Aerospace giant Boeing has signed a multi-year agreement with carbon removal platform Carbonfuture to purchase at least 40,000 tonnes of durable carbon dioxide removal (CDR) credits. The deal ranks among the largest carbon removal procurements in the aviation sector so far.

The carbon credits will come from a portfolio of biochar carbon removal projects, mainly located across the Global South. Biochar is created by heating plant material in a low-oxygen environment. The process converts biomass into a stable form of carbon that can be stored in soil for long periods.

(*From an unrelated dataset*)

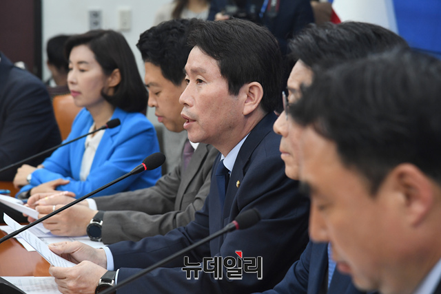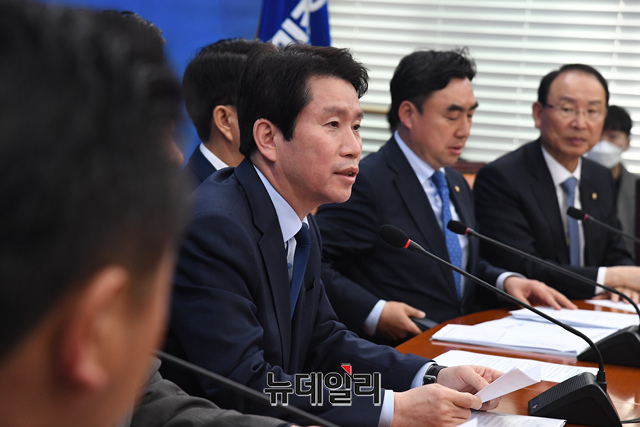 이인영 더불어민주당 원내대표가 7일 오전 국회에서 열린 정책조정회의에 참석해 모두발언을 하고 있다.

Carbonfuture will track each credit using its digital monitoring system. The platform records the entire carbon removal process—from biochar production to soil application. It also verifies ownership of the credits.

The agreement helps Boeing tackle emissions that technology or fuel changes can’t eliminate yet. The company plans to apply these credits to Scope 3 emissions linked to business travel.

Allison Melia, VP Global Enterprise Sustainability, Boeing, said:

“To support long-term global demand for air travel, the aviation industry has set goals to reduce emissions. We’re excited to team up with Carbonfuture to support technological innovation in carbon removals to help meet these needs.”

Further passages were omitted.